PutR is a transcriptional activator of putA and putR gene expression
The putR and putA genes of B. abortus 2308 are located on chromosome II and are designated bab2_0517 (also known as bab_rs28810) and bab2_0518 (also known as bab_rs28815) in the genome sequence, respectively (Fig. 3a). Since the regulatory aspects of the Put system vary across bacterial species, the ability of PutR to regulate putA in B. abortus was examined using β-galactosidase assays and quantitative RT-PCR (qRT-PCR). The putR–putA intergenic region was cloned into pMR15, a plasmid harbouring a promoterless lacZ cassette, to generate a putA-lacZ transcriptional fusion. The putA-lacZ plasmid was transformed into B. abortus 2308, ΔputR and ΔputR-RC, and the β-galactosidase activity from each stain was measured (Fig. 3b). The ΔputR deletion strain showed significantly lower levels of β-galactosidase activity compared to the parental strain 2308, and the ΔputR-RC strain exhibited similar levels of β-galactosidase activity to those observed in 2308, indicating that PutR is an activator of putA gene expression. To further examine the regulation of putA by PutR, qRT-PCR was conducted with RNA isolated from B. abortus 2308, ΔputR and Δ putR-RC grown to the late exponential phase in Brucella broth (Fig. 3c). This experiment confirmed the results of the putA-lacZ studies, as putA mRNA levels were significantly reduced in the ΔputR deletion strain, and genetic complementation of putR expression restored the levels of putA mRNA to wild-type quantities.

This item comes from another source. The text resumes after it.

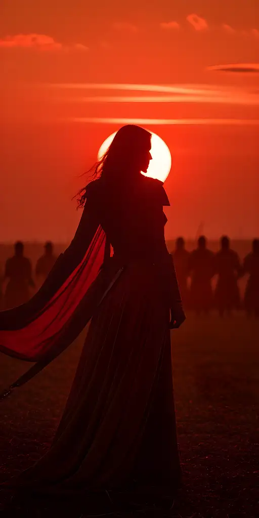 over 1 year ago Back view of an assassin woman on a battle field covered in corpses, red sunset sky in the background, lone figure standing amidst the carnage, tattered clothing, worn weaponry, shrouded in mystery, dramatic lighting, painterly treatment, moody atmosphere, by Brom and Donato Giancola MrHuisClos21 0 45

The autoregulatory nature of PutR in respect of putR gene expression was also assessed using a putR-lacZ gene fusion in B. abortus 2308, ΔputR and ΔputR-RC (Fig. 3d). It was observed that β-galactosidase activity from the putR-lacZ fusion was significantly reduced in the ΔputR strain compared to the parental strain 2308 and, importantly, reconstruction of the putR locus in the ΔputR strain restored β-galactosidase activity from the putR-lacZ fusion to the levels observed in the parental strain 2308. These results indicate that PutR autoregulates its own expression in a positive manner, and altogether these data demonstrate that PutR is a transcriptional activator of putA and putR gene expression in B. abortus 2308.

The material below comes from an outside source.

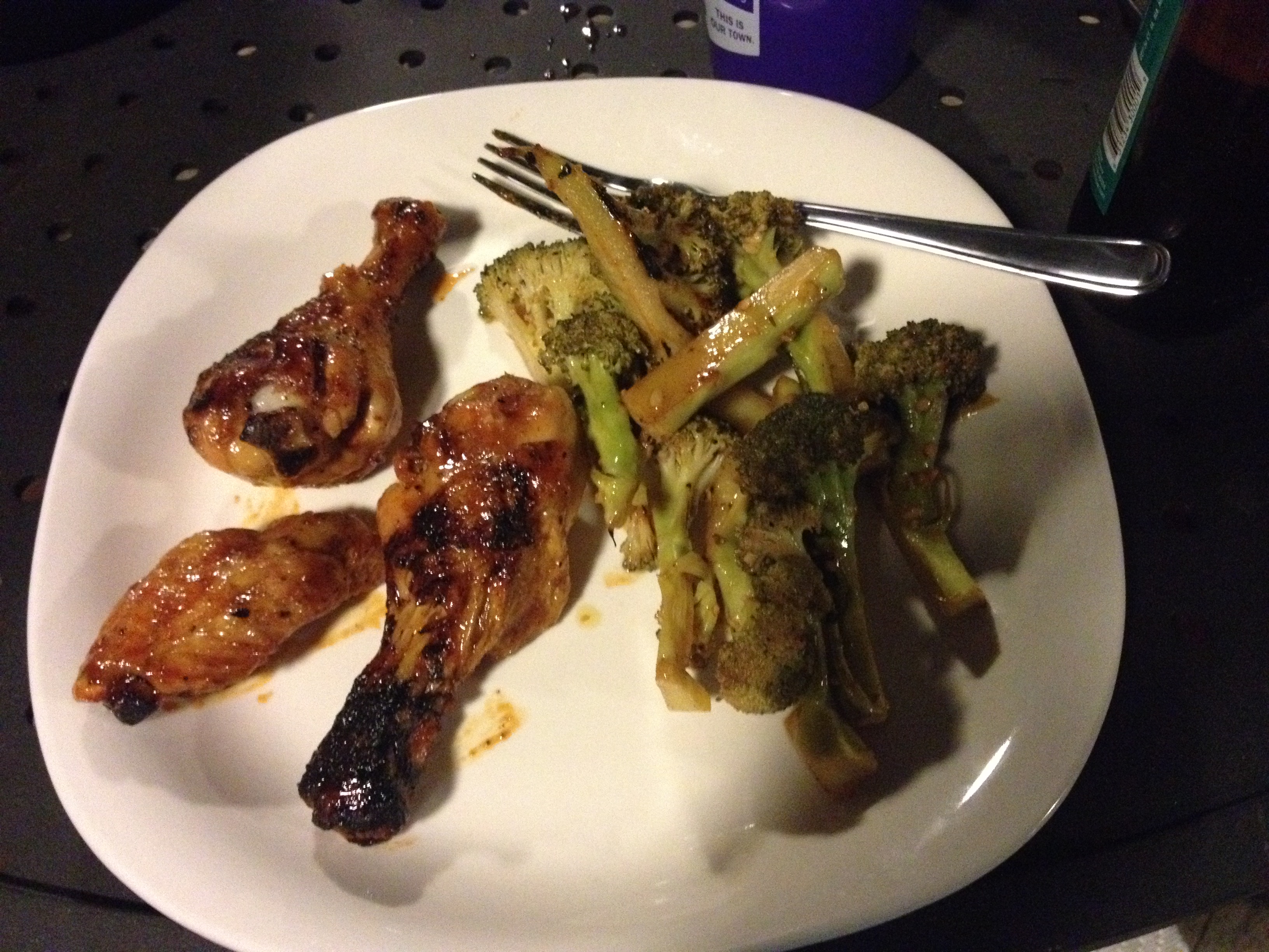 Sriracha Honey Chicken Wings and Garlic Grilled Broccoli

PutR binds directly to the putR–putA intergenic region
Given that PutR was determined to be a transcriptional activator of putA expression (Fig. 3), we hypothesized that PutR binds directly to the DNA region encompassing the putA promoter, as PutR proteins in other bacteria have been demonstrated to bind directly to DNA to control gene expression [15, 16]. To test this hypothesis, a recombinant PutR (rPutR) protein was produced and purified from E. coli using affinity chromatography, and subsequently the rPutR protein was used in an EMSA with 32P-labelled DNA corresponding to the B. abortus putR–putA intergenic region (Fig. 4). The EMSAs demonstrated concentration-dependent binding of rPutR to the intergenic region and, importantly, interactions between rPutR and the putR–putA intergenic region were observed at nanomolar concentrations. To ensure the specificity of the rPutR–DNA interactions, competition experiments were performed where excess non-labelled putR–putA intergenic region DNA was added to some reactions, and non-labelled DNA from an unrelated promoter (i.e. abcR2 promoter) was included in other binding reactions. Overall, these experiments determined that PutR from B. abortus binds directly and specifically to the putR–putA intergenic region.

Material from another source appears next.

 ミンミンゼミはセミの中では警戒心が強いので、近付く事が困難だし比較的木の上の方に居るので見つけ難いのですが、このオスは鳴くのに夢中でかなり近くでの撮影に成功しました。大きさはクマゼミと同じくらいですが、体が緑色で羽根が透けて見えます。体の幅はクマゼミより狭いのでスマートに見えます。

PutA is an l-proline dehydrogenase that converts l-proline to l-glutamate
Many bacterial PutA proteins are bifunctional enzymes that catalyse the conversion of proline to glutamate with two sequential enzymatic steps [12, 31, 32], and thus we hypothesized that PutA from B. abortus is an authentic proline dehydrogenase. To test this hypothesis, we produced and purified a recombinant version of PutA (rPutA) to a high degree of homogeneity (Fig. 5a) and determined its enzymatic activity. The conversion of proline to glutamate by PutA requires the reduction of NAD+ to NADH [31, 32], and to avoid inhibition of the enzyme by NADH and increase the sensitivity of detection we coupled the reaction to the reduction of MTT with PMS as the intermediate electron carrier [25]. The product of MTT reaction (formazan) was detected at 568 nm. In this assay, we recorded an increase in absorbance at 568 nm, which did not occur if rPutA was not included. This observation demonstrated that NAD+ was reduced by rPutA with l-proline as the substrate (Fig. 5b). To determine if this reaction culminated in the generation of l-glutamate, the respective supernatant was assayed with l-glutamic dehydrogenase, which reduces NAD+ in the presence of l-glutamate. Indeed, the addition of l-glutamate dehydrogenase to the supernatant of the reaction mixture with rPutA caused a rise in the absorbance at 568 nm; the reaction mixture without rPutA did not lead to such an observation (Fig. 5c). Taken together, these data demonstrated that the PutA protein is an l-proline dehydrogenase that catalyses the conversion of l-proline to l-glutamate in B. abortus.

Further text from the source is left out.